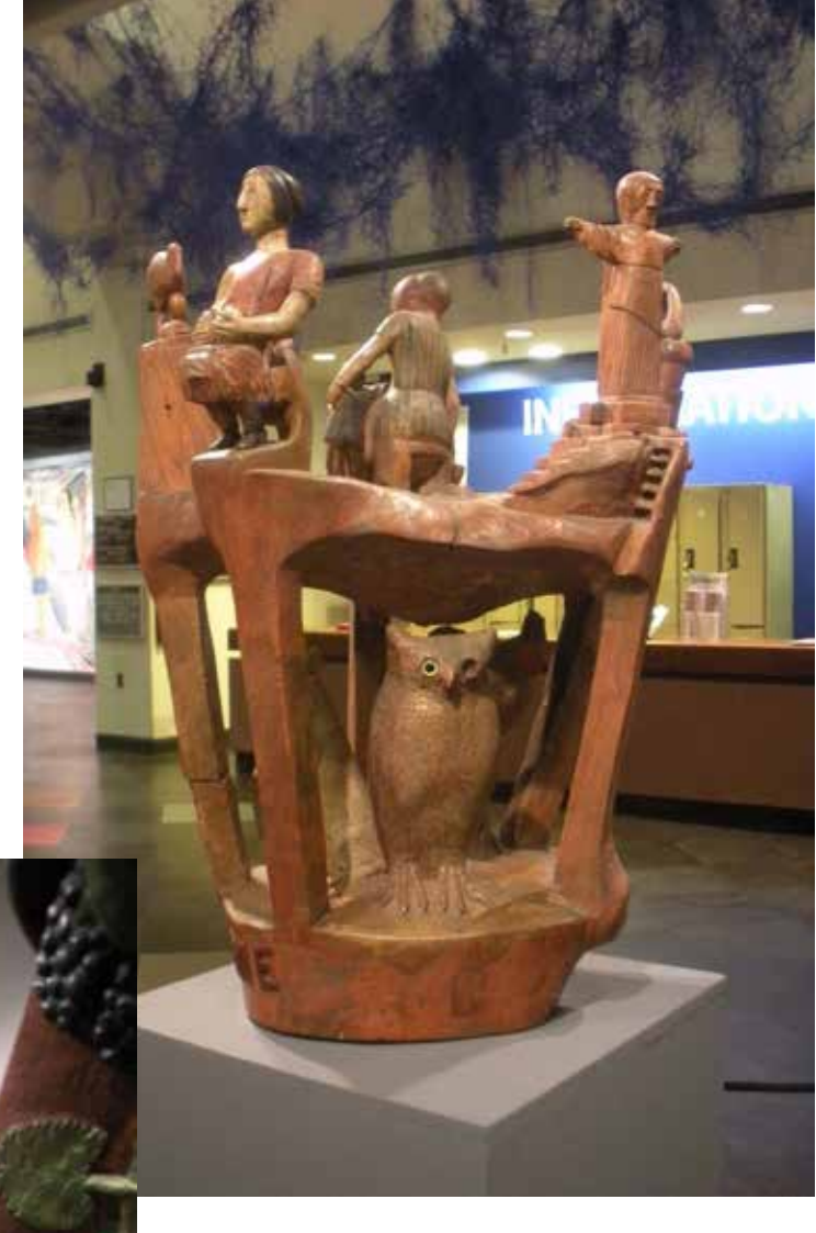
The Folk Art Sculpture of Anselmo Harris at the TSM: Above: "Here Is Where We Play", At Left: "Our Home" both works are circa 1890

retirement in Union City. His carvings were inspired from religious topics, as well as from subjects from nature, some representing the region around Reelfoot Lake. The pieces shown here were rendered on a large scale from a single log, with the component figures roughed out with a mallet and chisel. "Here Is Where We Play," made about 1890, displays a variety of animals of the forest smelling flowers and coexisting with a boy and a girl at play. The other sculpture from the 1890s, "Our Home," is made from cypress wood and includes Christ on the cross and a woman at a well, perhaps referring to Rebecca in the Book of Genesis.
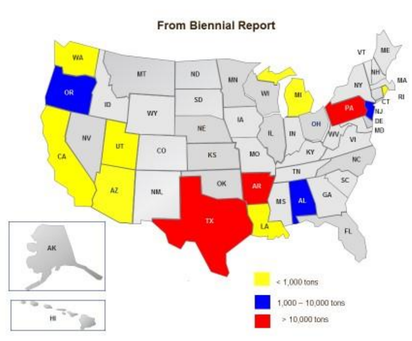
Figure 2 – 2009 Hazardous Waste Imports

data also showed much of the waste documented in the manifests received by OFA was not reported in the BR. Further, the BR and OFA data had major discrepancies. Figure 2 illustrates the major differences in the quantity of hazardous waste imported into the United States depending on which EPA data source is used. Specific state discrepancies are further illustrated in Figure 3.
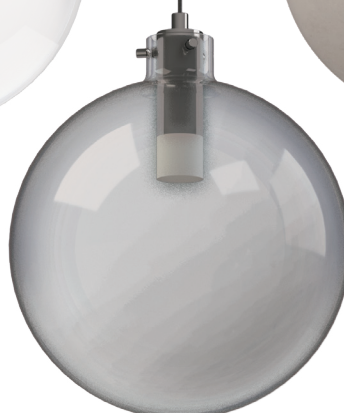
MSSS Smoked Glass

============

■ Exercise instructions
Set down the entries above again exactly, minus any image.

■ Response to the exercise
The Folk Art Sculpture of Anselmo Harris at the TSM: Above: "Here Is Where We Play", At Left: "Our Home" both works are circa 1890

retirement in Union City. His carvings were inspired from religious topics, as well as from subjects from nature, some representing the region around Reelfoot Lake. The pieces shown here were rendered on a large scale from a single log, with the component figures roughed out with a mallet and chisel. "Here Is Where We Play," made about 1890, displays a variety of animals of the forest smelling flowers and coexisting with a boy and a girl at play. The other sculpture from the 1890s, "Our Home," is made from cypress wood and includes Christ on the cross and a woman at a well, perhaps referring to Rebecca in the Book of Genesis.
Figure 2 – 2009 Hazardous Waste Imports

data also showed much of the waste documented in the manifests received by OFA was not reported in the BR. Further, the BR and OFA data had major discrepancies. Figure 2 illustrates the major differences in the quantity of hazardous waste imported into the United States depending on which EPA data source is used. Specific state discrepancies are further illustrated in Figure 3.
MSSS Smoked Glass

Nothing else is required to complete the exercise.